Monday, September 22, 2014

Biting the dust

Sorry about the obvious pun in the title. Today's important announcement is of course the long-awaited Planck verdict on the level at which the BICEP2 "discovery" of primordial gravitational waves had been contaminated by foreground dust. That verdict does not look good for BICEP.

(Incidentally, back in July I reported a Planck source as saying this paper would be ready in "two or three weeks". Clearly that was far too optimistic. But interestingly many members of the Planck team themselves were confidently expecting today's paper to appear about 10 days ago, and the rumour is that the current version has been "toned down" a little, perhaps accounting for some of the additional delay. Despite that it's still pretty devastating.)

Let me attempt to summarize the new results. Some important points are made right in the abstract, where we read:
"... even in the faintest dust-emitting regions there are no "clean" windows in the sky where primordial CMB B-mode polarization measurements could be made without subtraction of foreground emission"
and that
"This level [of the dust power in the BICEP2 window, over the multipole range of the primordial recombination bump] is the same magnitude as reported by BICEP2 ..."
(my emphasis). Although
"the present uncertainties are large and will be reduced through an ongoing, joint analysis of the Planck and BICEP2 data sets,"
from where I am looking unfortunately it now does not look as if there is a realistic chance that what BICEP2 reported was anything more than a very precise measurement of dust.

The Planck paper is pretty thorough, and actually quite interesting in its own right. They make use of the fact that Planck observes the sky at many frequencies to study the properties of dust-induced polarization. Whereas BICEP2 was limited to a single frequency channel at 150 GHz, the Planck HFI instrument has 4 different frequencies, of which the most useful is at 353 GHz. Previous Planck results have already shown that dust emission behaves sort of like a (modified) blackbody spectrum at a temperature of 19.6 Kelvin. Since this is a significantly higher temperature than the CMB temperature of 2.73 K, dust emission dominates at higher frequencies, which means that the 353 GHz channel essentially sees only dust and nothing else. Which makes it perfect for the task at hand, since in this particular situation roles are reversed and it is the dust that is the signal and the primordial CMB is noise!

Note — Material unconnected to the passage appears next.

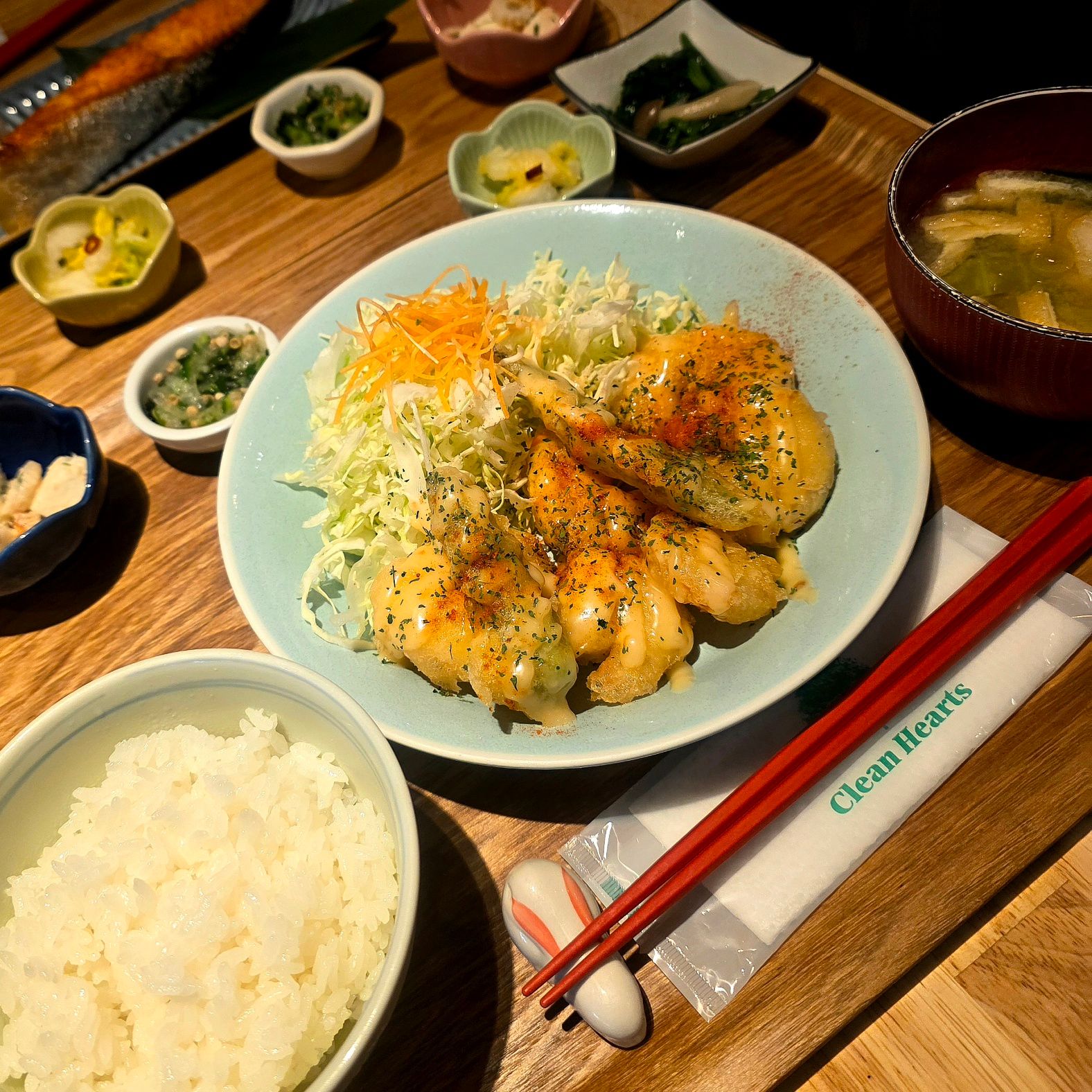 注文したのは「エビマヨ定食(1,500円)」。メインのエビマヨに加えて、小鉢が4つ、さらに具沢山のお味噌汁まで付く充実の内容で、配膳された瞬間から期待値が一気に上がります。

The analysis proceeds in a number of steps. First, they study the power spectra of the two polarization modes (EE and BB) in several different large regions in the sky:

The different large sky regions studied are shown as increments of red, orange, yellow, green and two different shades of blue. The darkest blue region is always excluded. Figure from arXiv:1409.5738.
In all these different regions, both power spectra $C_\ell^{EE}$ and $C_\ell^{BB}$ are proportional to $\ell^{\alpha}$, consistent with a value of $\alpha=-2.42\pm0.02$. Fixing $\alpha$ to this value, the amplitude of the power spectra in the different large regions then shows a characteristic dependence on the mean intensity of the dust emission — i.e. regions with more dust overall also show more polarization power — and this purely empirical relationship is characterized by
$$A^{EE,BB}\propto\langle I_{353}\rangle^{1.9},$$though with a bit of uncertainty in the fit. The amplitudes of the polarization power spectra then also show a dependence on frequency from 353 GHz down to 100 GHz which matches previous Planck results (the dependence is something close to a blackbody spectrum at 19.6 K, but with a specific modification).

It then turns out that if the sky is split into very many much smaller regions close to the poles rather than the 6 large ones above, the same results continue to hold on average, though obviously there is some scatter introduced by the fact that dust in different bits of the sky behaves differently. So this allows the Planck team to take the measured dust intensity in any one of these smaller regions and extrapolate down to see what the contribution to the BB power would be if measured at the BICEP2 frequency of 150 GHz. The result looks like this:

The level of dust contamination across the in measurements of the primordial B-mode signal. Blue is good, red is bad. The BICEP2 window is the black outline on the right.
This really sucks for BICEP2, who chose their particular patch of the sky precisely because, according to estimates of the 1990s and early 2000s, it was supposed to have very little dust. Planck is now saying that isn't true, and that there is a better region just a little further south. Even that better region isn't perfect, of course, but it may be clean enough to see a primordial GW signal of $r\sim 0.1$ to $0.2$ — if such a signal exists, and if we're lucky and/or figure out cleverer ways of subtracting the dust foreground.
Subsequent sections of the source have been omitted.